Sunday, October 25, 2009

Straight from the Page

There's a misconception among a fair amount of directors of comic book movie adaptations that they can simply use the source material as a story board. In my opinion, this is a big mistake and couldn't be further from the truth. Yes, it's great fan service when nerds such as myself see these scenes in the trailer and procede to 'ooh' and 'aah'. But, all too often, that's all these types of scenes really accomplish. They're there to appease the fans of the source material; the die-hards who are looking for something that reminds them of one of their favorite comics. It's an easy way of making a film look as if its reverent to its source material, and most of the time this reverence is purely superficial.

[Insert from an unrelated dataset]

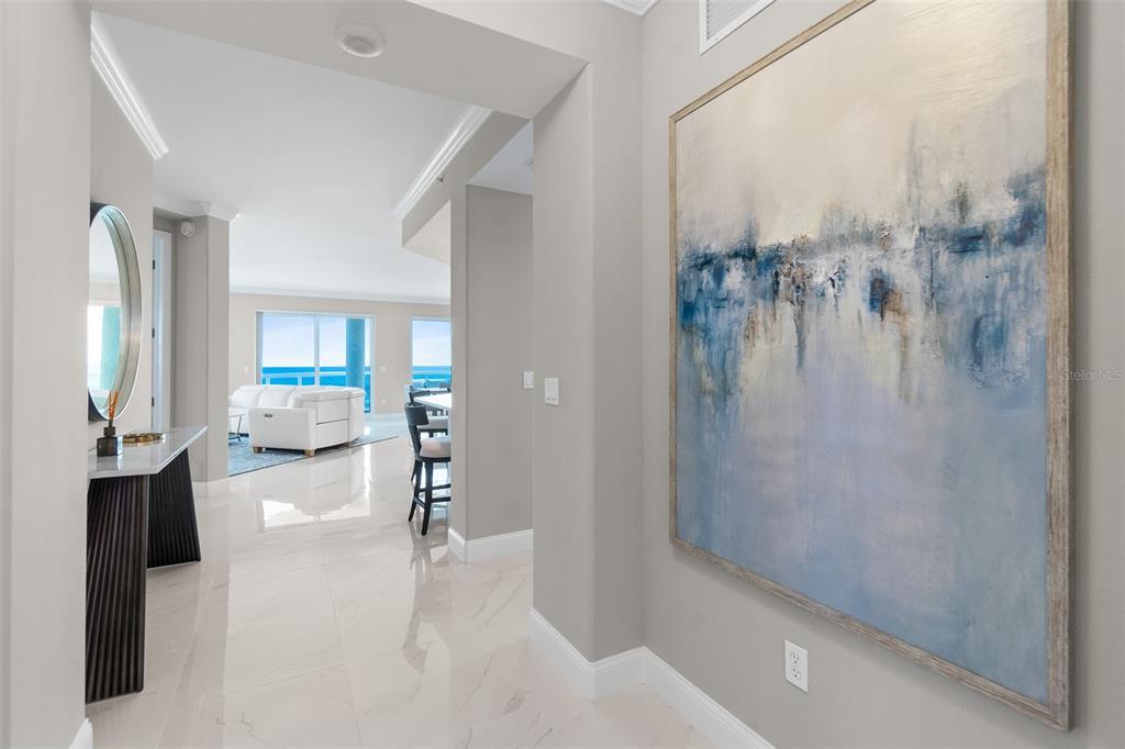 Coveted southern exposure direct oceanfront! discover the captivating synergy of ocean views seamlessly blended with coastal elegance throughout this luxurious residence, which stands as one of the region's most esteemed offerings. (**seller financing available with 30% down**). 3 parking spaces, storage room and cage included. delivered furnished, this exceptional direct oceanfront home has been curated with a designer's vision and elevated through meticulous upgrades to a standard that is uncommonly achieved. ocean villas is an amalgamation of exquisite architecture and a masterpiece of uncompromising quality amidst the white sands of the shores. this extraordinary offer includes a semi-private elevator that graciously leads you to your large personal vestibule, opening to a grand presidential double door entryway that embodies the essence of a luxurious home. spanning 3 bedrooms and 3 bathrooms, this impressive property offers 2,471 square feet of living space, featuring two master suites and breathtaking ocean views from every room. the rotunda is adorned with a modern, minimalist, light with a spiraling suspension interwoven with contemporary glam. the shiny 24x24 porcelain tile flooring with grey veining artistically sets the scene of opulence. the european kitchen cabinets are elegantly accentuated by quartz countertops and a grey backsplash. this space features a sub-zero refrigerator, wine fridge, and an 11-foot island. plus, a center island with waterfall edge. stylish pendant lighting provides the perfect finishing touch to this oceanfront oasis. open the blinds to unveil a stunning ocean view through over 30 feet of floor-to-ceiling glass, panoramically encompassing the living room and providing an ideal setting for both relaxation and entertainment. the primary suite serves as a perfect escape, offering enchanting ocean views that extend to the balcony. it features a walk-in closet for the lady of the house and a distinct gentleman's closet crafted in wood. the bath features contemporary white cabinets with stainless handles, a magnificent walk-in shower, jetted tub, toto toilet, and separate water closet. two additional oceanfront bedrooms with ensuite and balcony. laundry room with sink and storage cabinets. the translucent railing on the balcony captures the direct ocean views as the waves crash in. the wide-open space is circular shaped encompassing 525 square feet, perfect to create several vignettes, with a southeast wraparound orientation that encompasses a 270 degree sweep from the atlantic ocean to the intracoastal. its grandeur begs for undisturbed moments of tranquility before embarking on your journey to the breathtaking beach. experience the crown jewel of the shores with its exclusive amenities: a zen meditation area, oceanfront pool, lush landscaping, two glass-enclosed business centers, a grand owners club room, state-of-the-art fitness center, hot tub, and an opulent double-height lobby featuring stunning marble throughout. pet-friendly. schedule your personal tour today! all information intended to be accurate but should be verified.3703 S ATLANTIC #507, DAYTONA BEACH SHORES, FL 32118

A perfect example of this is the Watchmen film, which packed in a ton of shots ripped straight from the pages of the comic. The problem is, a comic doesn't work like a movie story board. In the comic book medium, the reader is completely in control of time. As a reader, you decide how long your eyes dwell on each panel, you can look ahead, and you skip backwards. A movie can't replicate this experience, no matter how hard it tries, and simply ripping an image from a panel, no matter how iconic, isn't a worthy substitute. Zach Snyder would have better served the source material if he'd shot the Watchmen film in a way that made more filmic sense, instead of being a slave to the visual content of the graphic novel. While, this certainly wasn't the hugest problem that movie had in terms of faithfulness to the source, it's one thing that could have made a huge difference in my ultimate opinion of the film.